[Opening Dataset section section]
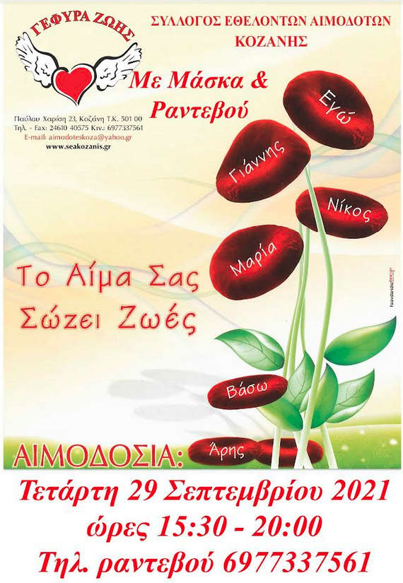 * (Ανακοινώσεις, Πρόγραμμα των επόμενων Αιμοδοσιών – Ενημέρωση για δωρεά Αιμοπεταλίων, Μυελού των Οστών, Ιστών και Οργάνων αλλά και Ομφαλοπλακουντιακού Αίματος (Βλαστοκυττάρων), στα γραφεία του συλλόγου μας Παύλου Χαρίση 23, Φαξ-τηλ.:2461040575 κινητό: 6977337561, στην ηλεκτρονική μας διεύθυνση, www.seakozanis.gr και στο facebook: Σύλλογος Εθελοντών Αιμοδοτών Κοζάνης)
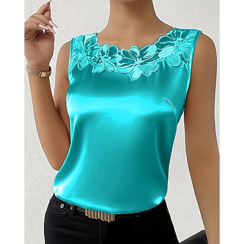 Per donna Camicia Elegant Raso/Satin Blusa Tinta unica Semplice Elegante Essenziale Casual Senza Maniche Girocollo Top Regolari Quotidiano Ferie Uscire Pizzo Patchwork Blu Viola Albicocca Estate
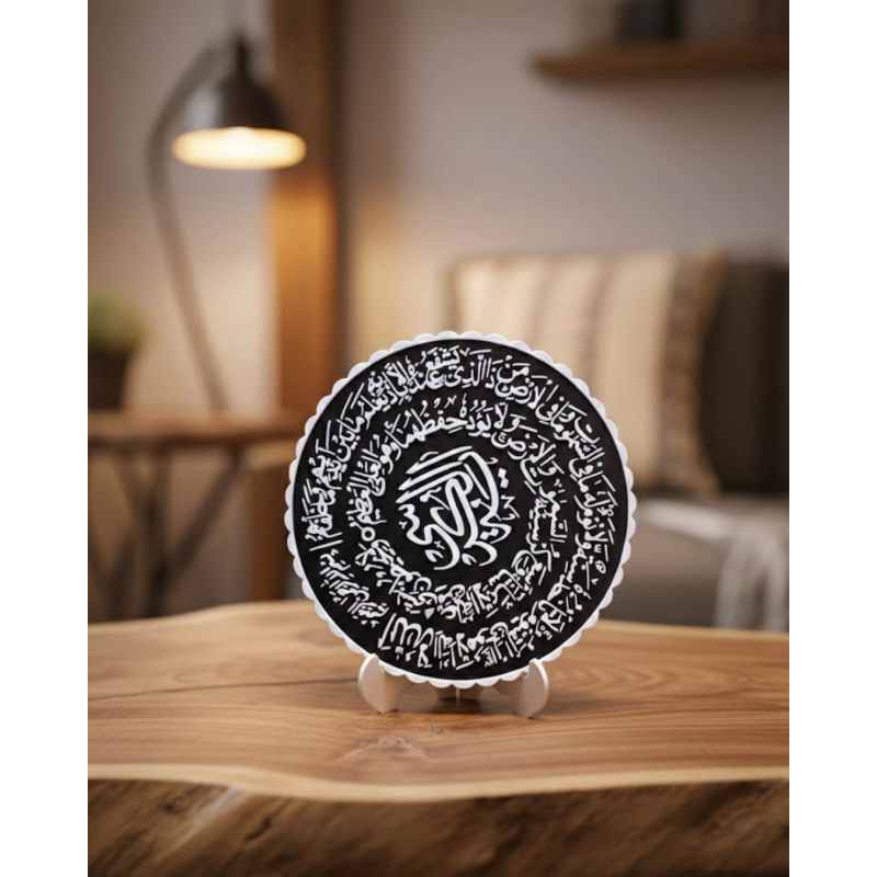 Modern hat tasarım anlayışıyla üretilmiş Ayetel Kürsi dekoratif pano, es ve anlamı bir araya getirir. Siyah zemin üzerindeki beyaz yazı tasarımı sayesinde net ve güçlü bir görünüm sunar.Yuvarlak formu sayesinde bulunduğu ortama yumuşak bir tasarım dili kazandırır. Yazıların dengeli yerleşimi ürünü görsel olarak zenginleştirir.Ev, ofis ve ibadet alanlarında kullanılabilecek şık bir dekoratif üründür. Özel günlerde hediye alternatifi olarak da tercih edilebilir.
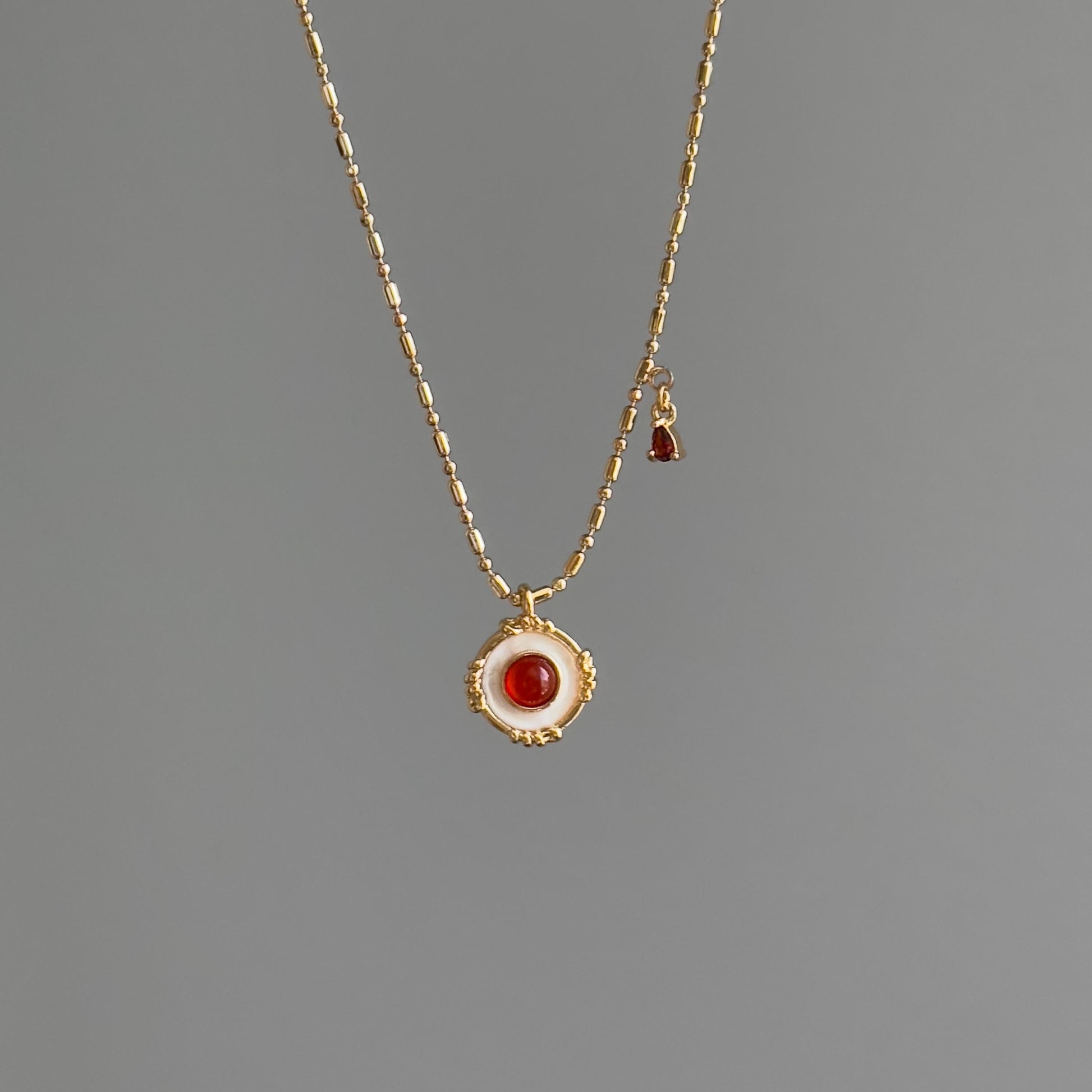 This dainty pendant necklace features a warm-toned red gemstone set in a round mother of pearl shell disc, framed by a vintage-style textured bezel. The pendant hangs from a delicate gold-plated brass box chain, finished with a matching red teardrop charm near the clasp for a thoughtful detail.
[Closing Dataset section section]
- _Problem details_
Exclude the pictures. Write out the remaining data exactly.

- _Result of the task_
 * (Ανακοινώσεις, Πρόγραμμα των επόμενων Αιμοδοσιών – Ενημέρωση για δωρεά Αιμοπεταλίων, Μυελού των Οστών, Ιστών και Οργάνων αλλά και Ομφαλοπλακουντιακού Αίματος (Βλαστοκυττάρων), στα γραφεία του συλλόγου μας Παύλου Χαρίση 23, Φαξ-τηλ.:2461040575 κινητό: 6977337561, στην ηλεκτρονική μας διεύθυνση, www.seakozanis.gr και στο facebook: Σύλλογος Εθελοντών Αιμοδοτών Κοζάνης)
 Per donna Camicia Elegant Raso/Satin Blusa Tinta unica Semplice Elegante Essenziale Casual Senza Maniche Girocollo Top Regolari Quotidiano Ferie Uscire Pizzo Patchwork Blu Viola Albicocca Estate
 Modern hat tasarım anlayışıyla üretilmiş Ayetel Kürsi dekoratif pano, es ve anlamı bir araya getirir. Siyah zemin üzerindeki beyaz yazı tasarımı sayesinde net ve güçlü bir görünüm sunar.Yuvarlak formu sayesinde bulunduğu ortama yumuşak bir tasarım dili kazandırır. Yazıların dengeli yerleşimi ürünü görsel olarak zenginleştirir.Ev, ofis ve ibadet alanlarında kullanılabilecek şık bir dekoratif üründür. Özel günlerde hediye alternatifi olarak da tercih edilebilir.
 This dainty pendant necklace features a warm-toned red gemstone set in a round mother of pearl shell disc, framed by a vintage-style textured bezel. The pendant hangs from a delicate gold-plated brass box chain, finished with a matching red teardrop charm near the clasp for a thoughtful detail.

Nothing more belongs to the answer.